One of our problems is that we are insufficiently willing to rely on God. We are not confident of God’s promises. Paul here encourages us to move on in faith. We are in a different place. We are experiencing newness of life.
Paul uses the image of dying and rising with Christ, which he links to baptism. Baptism is an indicator of our new life with God. The symbolism is there whatever the method of baptism – but perhaps more obvious in baptism by full immersion when the waters close over the candidate, a symbol of being buried with Christ – and then rising to new life.

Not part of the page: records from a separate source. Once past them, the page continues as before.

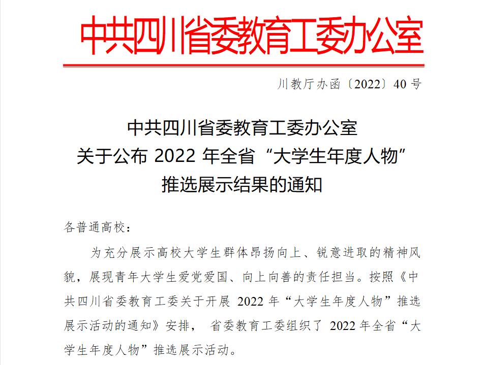 据悉,2022 年“大学生年度人物”推选活动是根据《人民网 大学生杂志社 光明日报社教育部 中国大学生在线关于组织开展第十七届“大学生年度人物”推选展示活动的函》要求,由中共四川省委教育工委组织开展。为喜迎党的二十大胜利召开,此次“大学生年度人物”候选人遴选推荐工作不仅展示我省高校大学生群体昂扬向上的精神风貌,激励广大青年学生立大志、明大德、成大才、担大任,争做堪当民族复兴重任的时代新人,同时在实现中华民族伟大复兴的时代洪流中踔厉奋发、勇毅前进,为两个百年的奋斗目标的实现添砖加瓦。
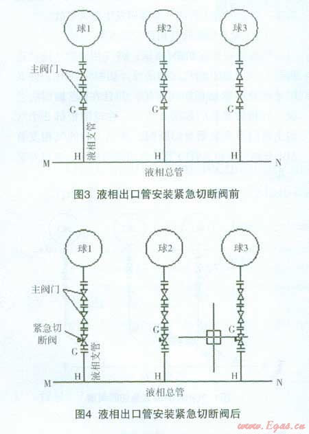 根據(jù)《氣瓶安全監(jiān)察規(guī)定》:《氣瓶充裝許可證》的有效期為4年;有效期滿前,氣瓶充裝單位應(yīng)當(dāng)向原審批部門申請更換《氣瓶充裝許可證》。我公司的液化石油氣儲灌站于2011年7月向河北省質(zhì)監(jiān)局提出《氣瓶充裝許可證》的換證申請;河北省特種設(shè)備學(xué)會于2011年11月對液化石油氣儲灌站進(jìn)行了現(xiàn)場評審。評審專家根據(jù)新版《城鎮(zhèn)燃?xì)庠O(shè)計(jì)規(guī)范》中關(guān)于對“液化石油氣儲罐上安全閥件的配置”,要求我液化石油氣儲灌站3座400m,的液化石油氣球罐的氣相管和液相出口管上的根部主閥門下加裝緊急切斷閥。
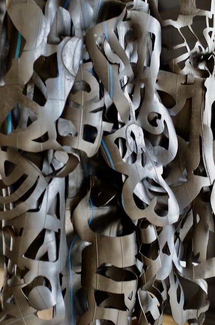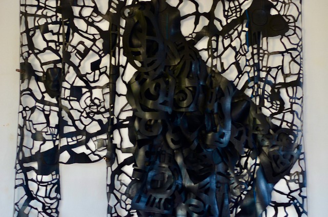 Rubber is a material that keeps the world in motion. Few places have been more defined by this material than the Democratic Republic of the Congo. Yet the violent colonial extraction of rubber is merely one history. Using discarded tyre inner tubes and tread, Kyungu Mwilambwe, works to make contemporary commentary on our globalised world.
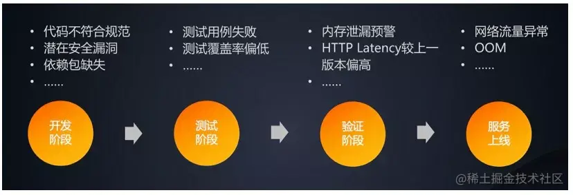 下图比较概括地描述了一个系统的质量观测完整生命周期,大体上可以分为如下四个阶段,并且在每个阶段都有需要特别关注的一些数据和指标:
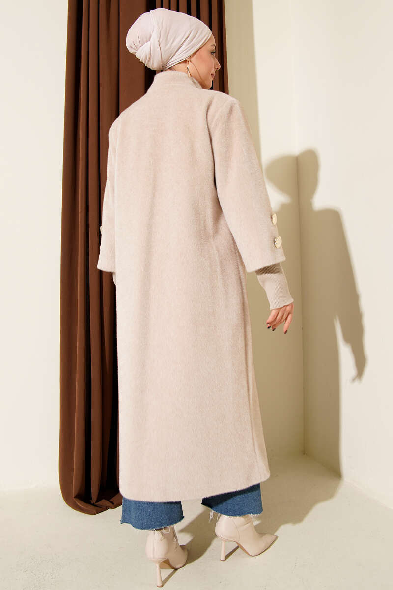 Kruvaze Gold Düğmeli Kaşe Kaban Bej
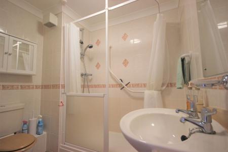 Fitted with a low level WC, vanity wash basin with cupboard under. Walk in shower enclosure with thermostatically controlled shower over. Walls finished in complementary tiling. Coving to ceiling. Ceiling light point. Emergency alarm pull cord. Wall mounted electric heater, towel rail and extractor.
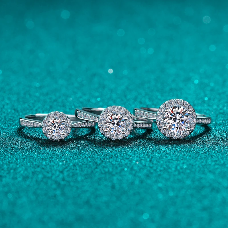 ANZIW 925 пробы серебро синтетический бриллиант 0.3CT0.5CT1.0CT2.0CT классический Halo Обручение кольцо для Ювелирные изделия Подарки
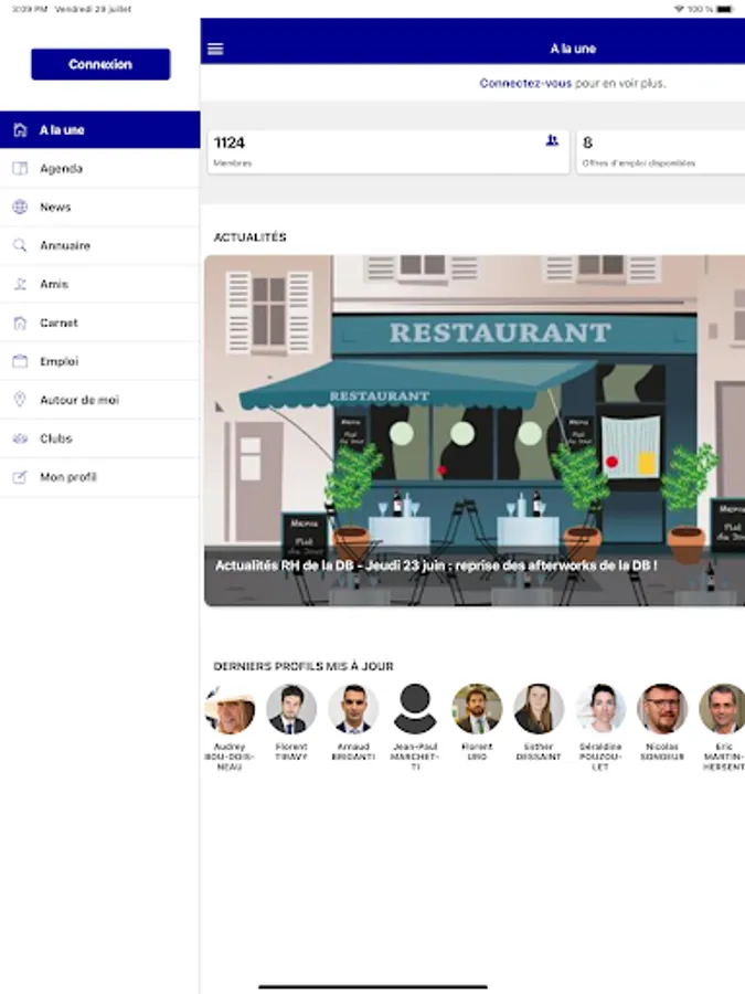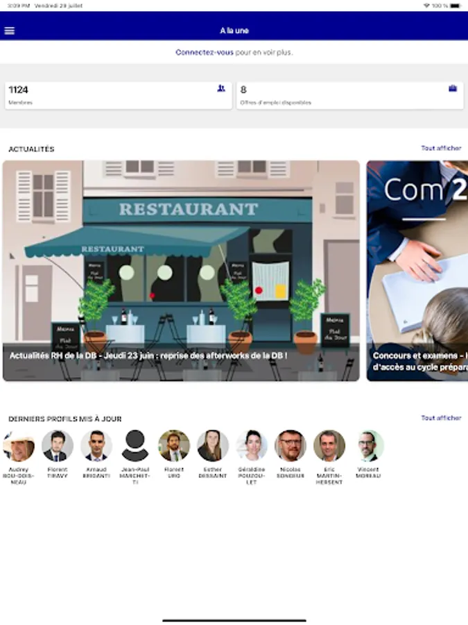 consultation of the alumni yearbook, mise à jour de votre profil, acces à des groups, à des Actualités et aux offres d’emploi…

As a minister, I have conducted many baptisms. A few I remember; many, to be honest, I don’t. All, bar one, of those baptisms happen to have been by sprinkling. However, one that I certainly don’t (and won’t) forget is the single occasion that I have baptised by immersion. When we lived in Panama, one of the relatively elderly members of my congregation came to me and said that she wanted to be baptised, and she wanted it to be by immersion in the river ‘just like Jesus’. So that is what we did, a memorable and special moment – perhaps especially for a minister who is a non-swimmer! Baptism is baptism. Every baptism is personal and indicative of God’s grace. That was so on that occasion in a Panamanian river, just as it has been at the fonts in various churches where I have had the joy of offering that sacrament.
In each case, whatever the detail and individual circumstances, baptism speaks of resurrection, of hope, of possibility, of life. It is about unity with and in Christ.
Perhaps one of the things many Christians could do a little more often is to recall their baptism, to remember how it indicates the abundance of God’s grace, and so be inspired to greater things with and for God.